Я в воображении своем рисовал себе что-то величественное, с готической башней или двумя, в обширном парке столетних дубов… Но то, что я увидел в глубине небольшой долины, являло собой лишь вполне заурядную постройку из черного камня в строгом обывательском вкусе среднедо-статочного английского буржуа. Впрочем, что за нужда! Озноб радости пробежал у меня по спине. И, в свою очередь собрав вещи, я довольно торжественно объявил остолбеневшей мисс Майнд:

– Гэдсхилл-плейс! Туда-то я и еду!

* * *

Я ждал уже добрых полчаса, когда из станционного буфета вышел высокий худой человек с острым, как лезвие ножа, лицом. Он двигался по платформе с некоторыми уклонениями, но, завидев меня, одернул жилет, поправил шляпу и сумел преодолеть несколько метров разделявшего нас расстояния почти по прямой.

– Мистер Баррель, я полагаю?

Заплетающийся язык и акцент кокни в сочетании производили несколько комический эффект.

– Борель, с вашего позволения.

– Превосходно, месье Борель. Так и запишем. Моя фамилия – Уэллер, месье. Меня тут задержало одно важное дело, но вы не беспокойтесь: четверти часа не пройдет – и мы в Гэдсхилле.

Спустя несколько минут, усевшись в скромное тильбюри, я мог на досуге рассмотреть этот странный персонаж и обозреть его чудной наряд: кожаные сапоги, гетры, полосатый жилет и забавная шляпа.

– И… вас действительно зовут Сэм Уэллер?

– Э, месье, насчет Уэллера спорить не стану, а вот с Сэмом – дело другое, потому что зовут-то меня Арчибальд… Арчи, месье, если вам так больше нравится.

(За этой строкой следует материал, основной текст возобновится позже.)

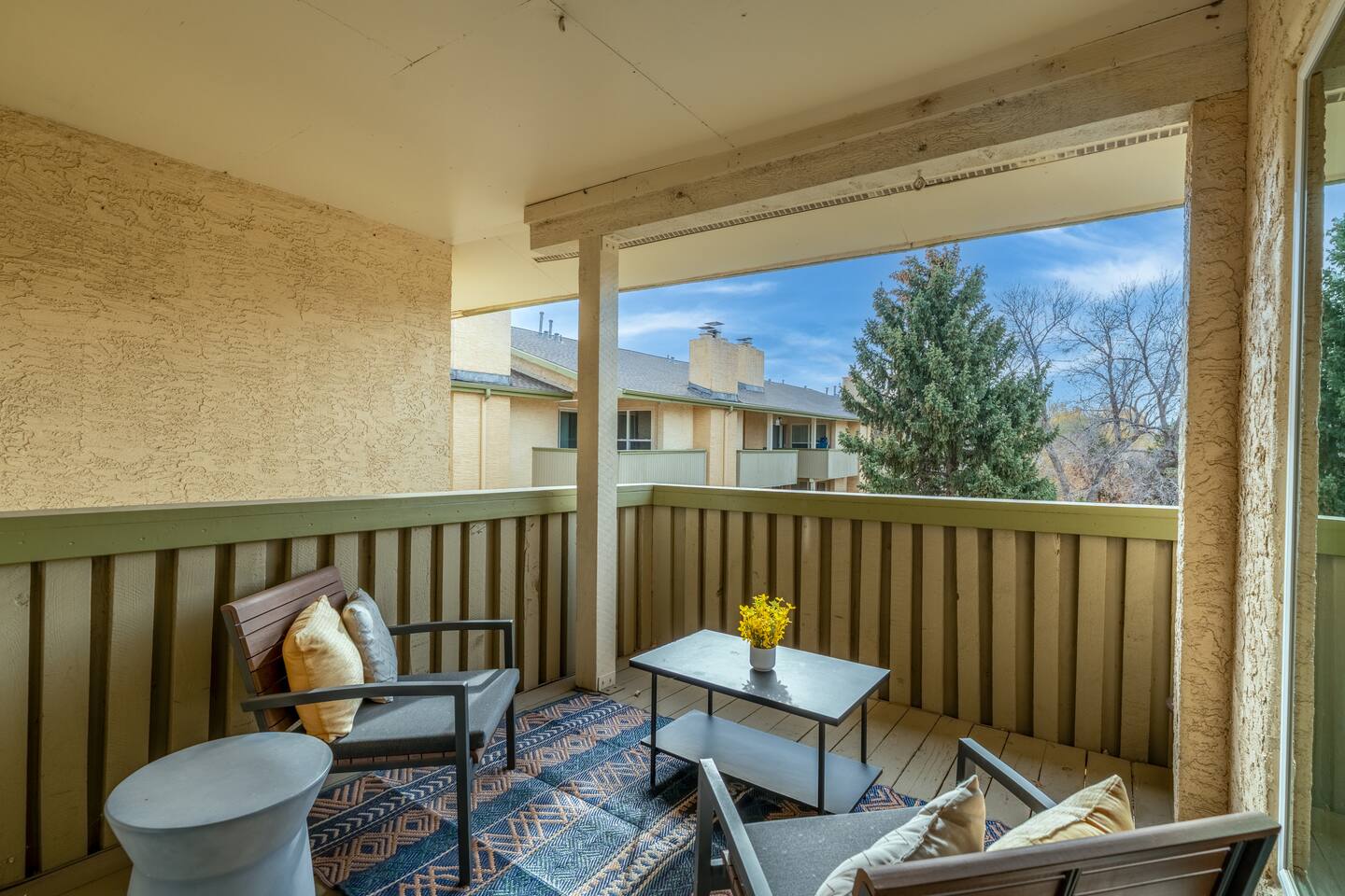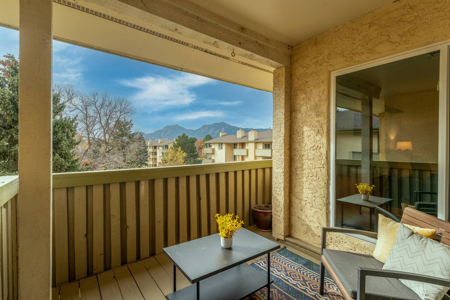 Welcome to your Boulder home-away-from-home! This spacious 2-bedroom, 2-bath condo offers 1,000 sq. ft. of comfort, style, and convenience—perfect for families, couples, business travelers, or adventure seekers looking to explore everything Boulder has to offer. Inside the Condo: Step into a bright, open-concept living and dining area featuring cozy furnishings, a flat-screen TV, and plenty of natural light. The layout is thoughtfully designed for both relaxation and functionality. The fully equipped kitchen includes all the essentials—stove, oven, microwave, dishwasher, coffee maker, and cookware—ideal for guests who enjoy cooking at home. The primary bedroom includes a comfortable queen bed, ample closet space, and an en-suite bathroom with a walk-in shower. The second bedroom also has a queen bed and easy access to the second full bathroom with a tub/shower combo. Both bedrooms are set apart from the main living space, offering privacy and quiet. You’ll also find a small balcony—perfect for morning coffee or evening wine while enjoying Boulder’s fresh mountain air. Complex Amenities: Guests have access to a seasonal outdoor pool, hot tub, fitness center, laundry facilities, and walking paths around the community. Free parking is included, and the complex is quiet and safe with beautiful mature trees and open green spaces. Location Highlights: Situated in a central Boulder neighborhood, you’re just a short drive or bike ride from downtown and the University of Colorado. Enjoy easy access to iconic spots like the Flatirons, Chautauqua Park, Boulder Creek Path, and Pearl Street Mall. You’re also close to grocery stores, local coffee shops, breweries, and public transport. Whether you're here to hike, ski, shop, dine, or just relax, this condo offers the perfect launchpad for your Colorado adventure!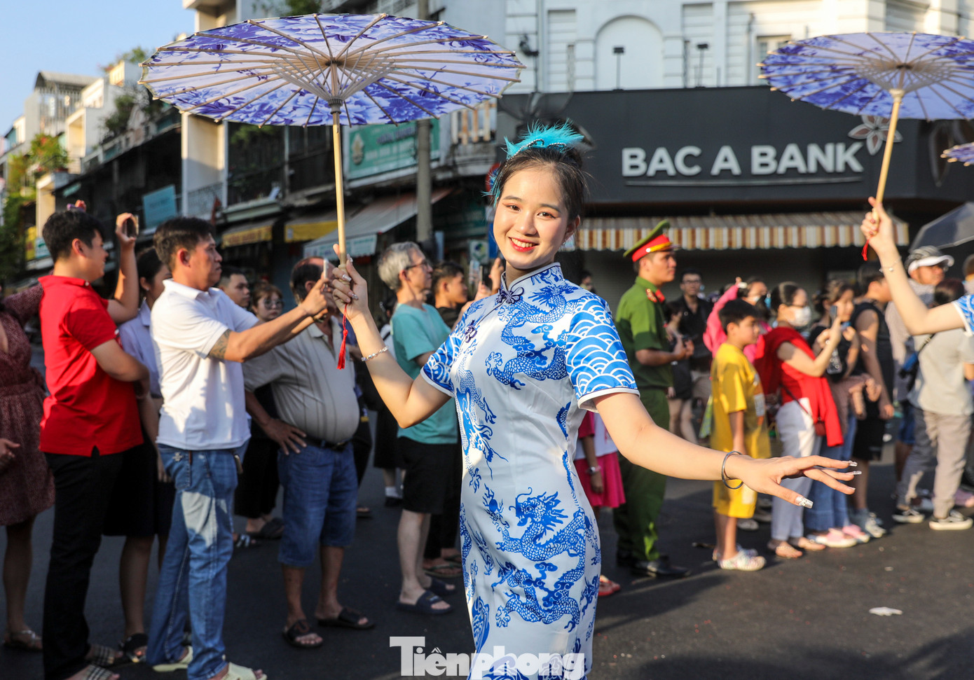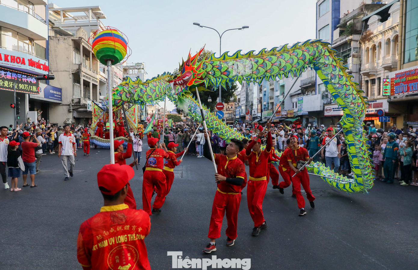 | Đoàn diễu hành đi qua nhiều tuyến đường quanh khu vực Chợ Lớn, hàng nghìn người dân cũng hòa mình vào không khí Lễ hội, chiêm ngưỡng những màn biểu diễn lân sư rồng đặc sắc. |
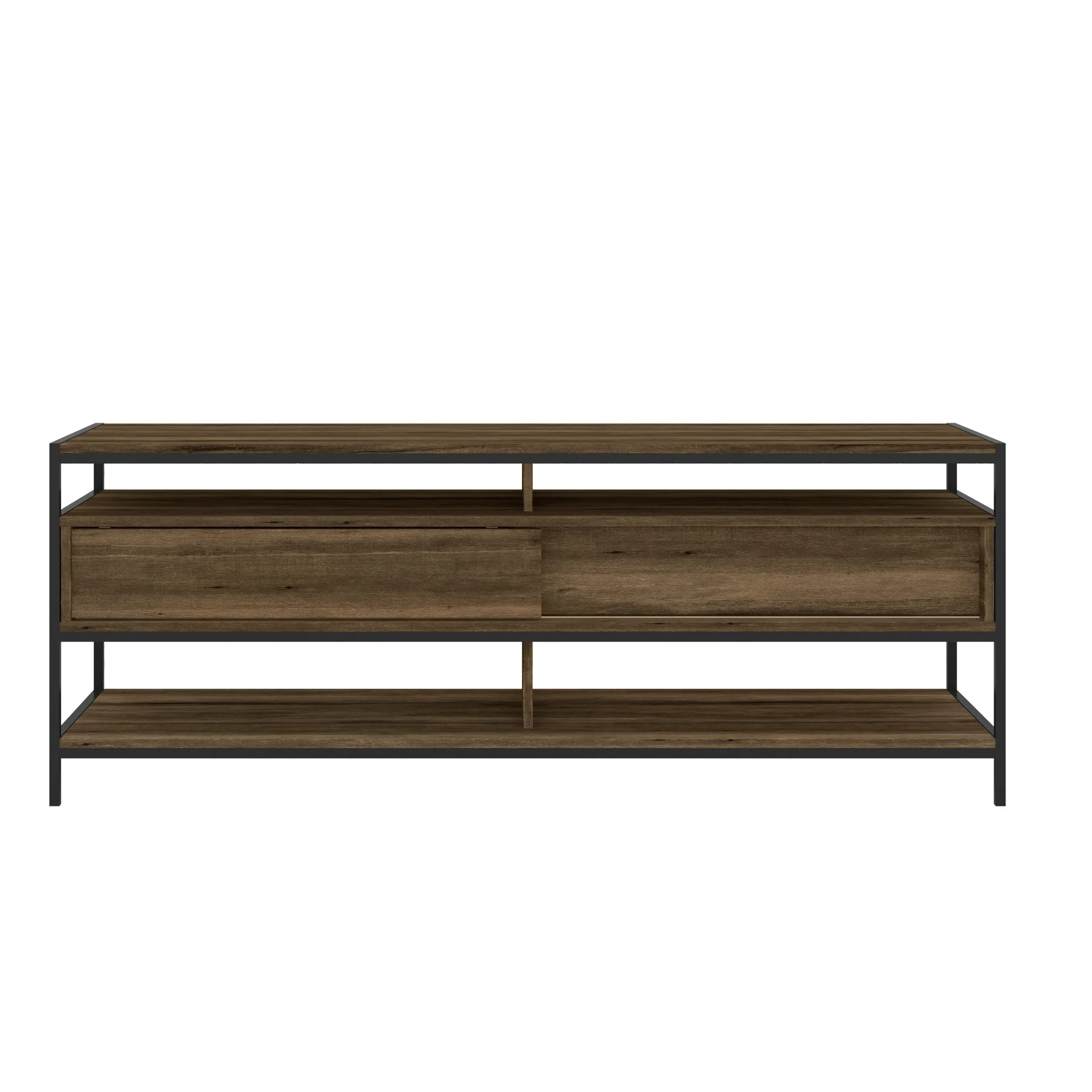 Provide a sophisticated abode to all your media gadgets by bringing in this contemporary style TV Media Console Stand which offers spacious storage with its 2 drawers and open compartments. Constructed from the combination of particle board and metal, this entertainment center for your flat screen TVs is accented with brown and black finish.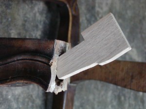Lorsque la cheville ne tient plus car le tenon a lâché, la seule et unique solution est de reconstituer le tenon par une pièce en queue d’aronde.
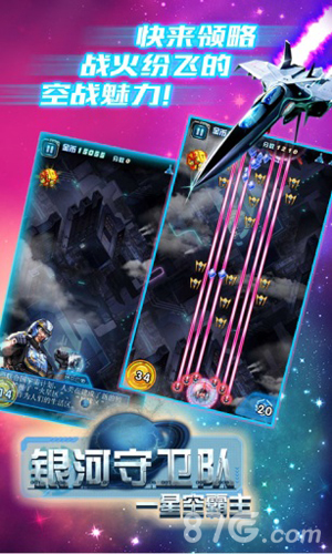 《银河守卫队》作为一款飞行射击类的手机游戏,现已为玩家提供了游戏安卓版本的体验渠道。邪恶帝国在上一次星球大战的溃败中复苏,他们派出了更庞大更又先进的战舰群侵入银河系,试图一举歼灭所有的抵抗力量,然而勇敢的银河护卫舰队队并不惧怕,他们重返战场,与敌人展开了一场宇宙风暴!马上加入游戏,在唯美的宇宙景色中去入侵者决战到底,感受那真实的爆炸效果,最绚丽的战斗,等你来!赶紧开始你的英雄之路吧!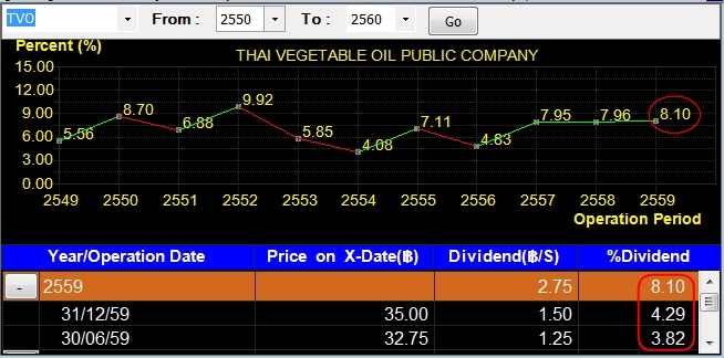 จากรูปนี้ %Dividend คิดจาก เงินปันผลแต่ละครั้ง / ราคาวันที่ขึ้น XD --> 3.82 + 4.29 = 8.10 ซึ่งตรงกัน

– Все равно! Какое совпадение…

Уэллер иронически хмыкнул.

– Знаете, месье, что говорил по этому поводу мой папаша, вечная ему память? «Совпадение – это хитрость, которая удалась!» Когда мистер Диккенс дал объявление в «Рочестер дейли», я тотчас же смекнул, что моя фамилия может сослужить мне службу. А чтоб уж отвесить с походом, я еще приоделся – вот как сегодня – и запасся хорошо обкатанными прибаутками. Так что, когда я пришел наниматься и он меня увидел, у него сделались примерно такие же глаза, вот как только что были у вас. «Как вас зовут, друг мой?» – «Уэллер, сэр». – «Уэллер?» – «Именно, сэр. Такой уж у нас семейный обычай – откликаться на эту фамилию. И так нам это нравится, сэр, что у нас это передается от отца к сыну!» А он тогда стоял у своего стола. И вот, гляжу, он весь побелел и бряк на стул, словно пред ним явился призрак Карла II с собственной головой под мышкой! Ну, вижу, дурака свалял, и все ему рассказал: как объявление прочитал, как вырядился и язычок себе остренько подточил по фасону, с его книжки срисованному… Я боялся, ему это не понравится, – ничуть не бывало: аж зашелся от смеха. Не знаю, месье, слышали вы уже иль нет, как он смеется, но, можете мне поверить, и вам станет смешно! Он не мог остановиться! Наконец встал, положил мне руку на плечо: «Итак, Уэллер, что вы умеете?» – «Все, сэр, абсолютно все! „У этого парня пределов нет!" – сказала моя мать, застав меня в колыбели за починкой рубашонки рыбьей костью». Мистер Диккенс снова очень громко захохотал: «Хорошо! Вы мне подходите». С тех пор мы лучшие в мире друзья. А провожая меня до двери, он повернулся ко мне и очень серьезно сказал: «Знаете, Уэллер, я ведь думал, что с ума схожу… или что уже перешел черту, не заметив…» – «Черту, сэр?» – «Да, черту, которая отделяет действительный мир от мира моих книг… и которую я рано или поздно переступлю…» Будь я проклят, если знаю, что он хотел сказать!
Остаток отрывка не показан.